Differential Equations (Forestry)

[knowLittle]

Homework Statement

The value of a tract of timber is

$V(t)=100,000 e^{0.8\sqrt{t} }$

where t is the time in years, with t=0 corresponding to 1998.
If money earns interests continuously at 10%, the present value of the timber at any time t is $A(t)= V(t)e^{-.10 t}$
Find the year in which the timber should be harvested to maximize the present value function.

The Attempt at a Solution

When V(0)= 100,000 is the value of timber in 1998.

$A(t)= 100,000 e^{0.8\sqrt{t} }\ e^{-.10 t}$ I assume that to maximize this function I need to make the exponential positive rather than negative.
But, I don't know hot to proceed from here.

 

[SteamKing]

For what values of t is the exponential negative?

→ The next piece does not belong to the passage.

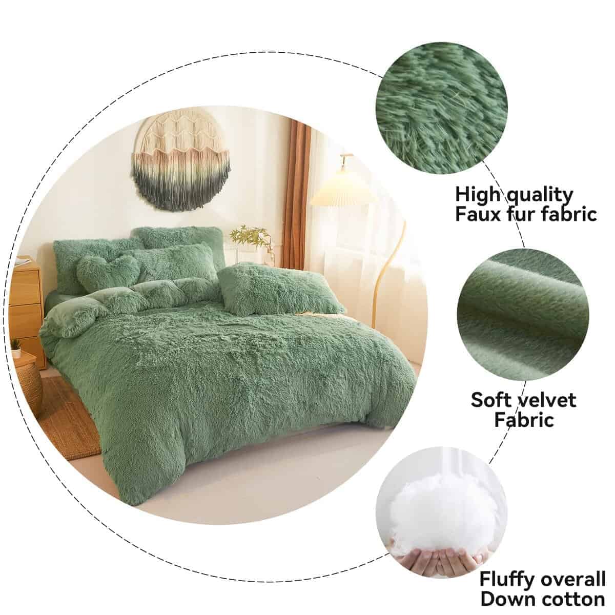 Este juego de ropa de cama de piel sintética incluye un edredón verde de piel y dos fundas de almohada estándar de peluche. Te llevarás un auténtico edredón de peluche y una funda de almohada de peluche en lugar de una funda nórdica y dos fundas de almohada. Fabricado con un tejido de piel sintética de alta calidad y un relleno de microfibra elástica de alta calidad, este edredón es perfecto para disfrutar de un sueño reconfortante y una sensación lujosa sin límites. Es ideal para combinar con todos los estilos en tu habitación, cama y casa de campo. ¡El edredón verde de felpa full size es una excelente opción para regalar a tu amor, a niños y niñas! Fabricado con tejidos de piel sintética, este juego de ropa de cama de piel verde es muy ventilado, respetuoso con la piel y acogedor, especialmente para los durmientes descalzos. Creemos que quedarás fascinado por este lindo juego de edredón. Este juego de ropa de cama de piel suave te brinda una experiencia de sueño como en las nubes. Ligero y bien ventilado, este juego de edredón de piel verde está relleno con bastante relleno para ser más esponjoso, especialmente en invierno, ¡manteniendo muy caliente! Tecnología de costura excelente y cableado idéntico en ambos lados para no desplazamiento del relleno. ¡Acuéstate en el juego de edredón ligero y disfruta de un sueño reparador! Este juego de edredón verde peludo es una excelente opción para regalar a tu amor, a niños y niñas en varias festividades como el Día de San Valentín y Navidad. Si tienes alguna necesidad o pregunta, avísanos por correo electrónico y te proporcionaremos una solución satisfactoria de manera oportuna. ¡Tu experiencia de compra siempre será nuestra máxima prioridad!

If the function to be maximized did not have an exponential term, how would you go about maximizing it?

 

[knowLittle]

For what values of t is the exponential negative?

I wanted to find a value of t such that by addition with 0.8 SQRT(t) would give me a positive exponent.

If the function to be maximized did not have an exponential term, how would you go about maximizing it?

If the function did not have an exponential term, I would try to find a value of T that multiplied by the constant 100,000 would be the greatest value for A.

 

[LCKurtz]

@knowLittle Do you know how to find the maximum/minimum of a function using calculus?

 

[knowLittle]

I know that I can get the relative extrema through differentiation, but I am having lots of problems to get the derivative of this A(t) function.

$\frac{d}{dt} (100,000e^{0.8 \sqrt{t} -.10 t}) =0$

I get :
$0.01t^{1/2} + 0.32 \frac{\sqrt{t}}{t}- 0.12 =0$

and I don't know how to solve for t.

 

[LCKurtz]

I know that I can get the relative extrema through differentiation, but I am having lots of problems to get the derivative of this A(t) function.

$\frac{d}{dt} (100,000e^{0.8 \sqrt{t} -.10 t}) =0$

I get :
$0.01t^{1/2} + 0.32 \frac{\sqrt{t}}{t}- 0.12 =0$

and I don't know how to solve for t.

I don't get that. Please show your steps taking the derivative.

 

[knowLittle]

0= 100,000 u e^u du. 100,000 cancels and u*du is multiplied.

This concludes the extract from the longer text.